But since the coefficients on the interaction terms are related, is there an algorithmic way to determine these coefficients? –  K. Hu Aug 7 '12 at 15:25
    
@K.Hu You can certainly form the likelihood equations and attempt to maximize it with respect to the parameters. But it becomes complicated in terms of solutions as it is not simply a system of k linear equations in k unknowns.
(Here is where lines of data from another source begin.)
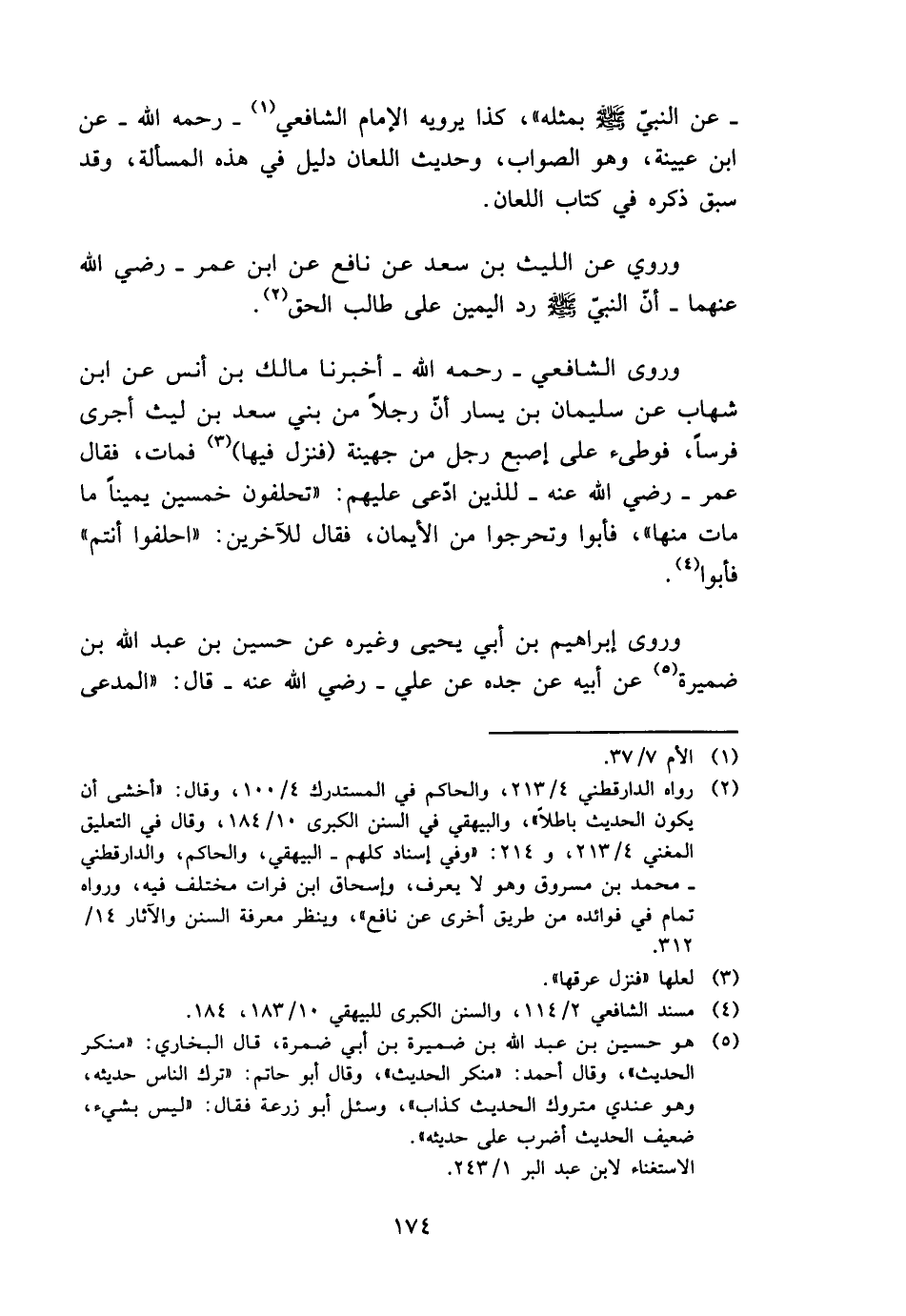- عَن النبيّ - صَلَّى اللَّهُ عَلَيْهِ وَسَلَّم َ - بِمثلِهِ "، كَذَا يرويهِ الإِمَام الشَّافِعِي - رَحمَه الله - عَن ابْن عُيَيْنَة، وَهُوَ الصَّوَاب، وَحَدِيث اللّعان دَلِيل فِي هَذِه الْمَسْأَلَة، وَقد سبق ذكره فِي كتاب اللّعان.
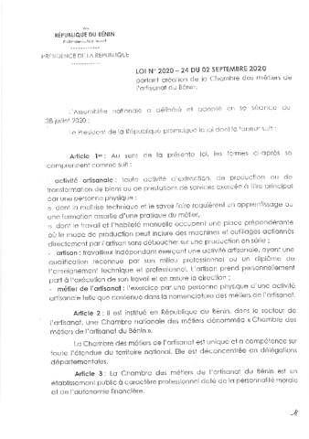portant création de la chambre des métiers de l'artisanat au Bénin
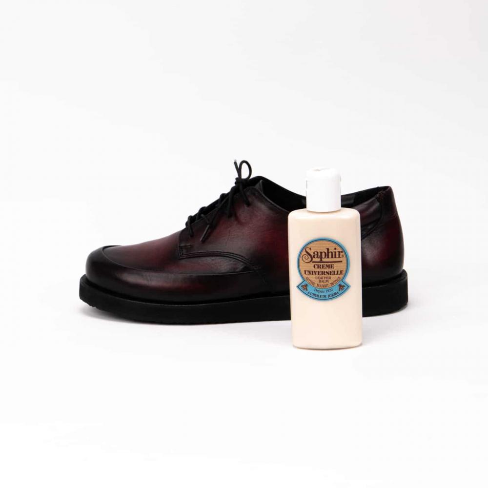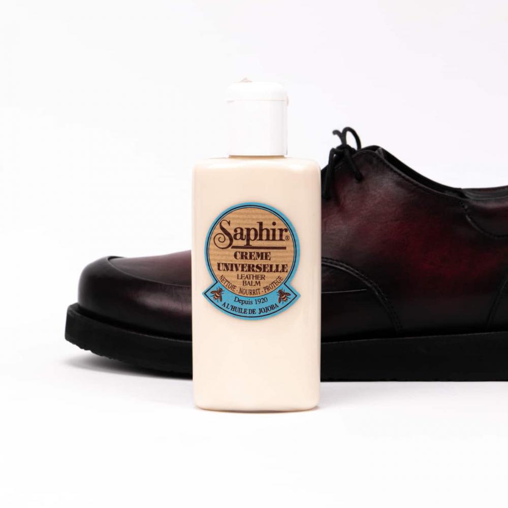 Один из самых лучших средств для деликатной чистки обуви. Формула этого бальзама была создана в 1920 году и оказалась настолько удачной, что до сегодняшнего дня не менялась. Бальзам-молочко подходит для приведения в порядок обуви и других изделий из гладких и лакированных кож, а также для изделий из кожи рептилий. В основе бальзама Saphir Creme Universelle большое количество пчелиного воска (28,9%) и масло норки, что делает это средство универсальным для ухода за изделиями из деликатных кож (овчина, баранья кожа, телячья кожа, шевро).

So there would be issues of existence and uniqueness of solutions. –  Michael Chernick Aug 7 '12 at 16:00

Firstly, as Michael Chernick noted

$$Y=\sum^n_{m=1}(1+c_mX_m)=1+\sum^n_{m=1}c_mX_m+\sum c_{m_1}c_{m_2}X_{m_1}X_{m_2}+\dots+ c_{1}X_{1}\dots c_nX_n$$

and for example in case $n=3$ you should interpret

$$Y=1+c_1X_1+c_2X_2+c_3X_3+c_1c_2X_1X_2+c_1c_3X_1X_3+c_2c_3X_2X_3+c_1c_2c_3X_1X_2X_3$$

as

$$Y=a_0+a_1X_1+a_2X_2+a_3X_3+a_4X_1X_2+a_5X_1X_3+a_6X_2X_3+a_7X_1X_2X_3$$

and estimate all these coefficients separately since coefficient $c_1c_2$ by $X_1X_2$ is not a product of coefficients by $X_1$ and $X_2$. Same holds for the idea about logarithms: $$\log(1 + cx) = cx - c^2x^2/2 + c^3x^3/3=a_1x+a_2x^2+a_3x^3$$

Finally, since you are using MATLAB for this, I advice you not to use logarithms because some accuracy might be lost, there might be multicollinearity problem as noted in the comments and that should be not so hard to write a code for including all these combinations even for large $n$, at least using R.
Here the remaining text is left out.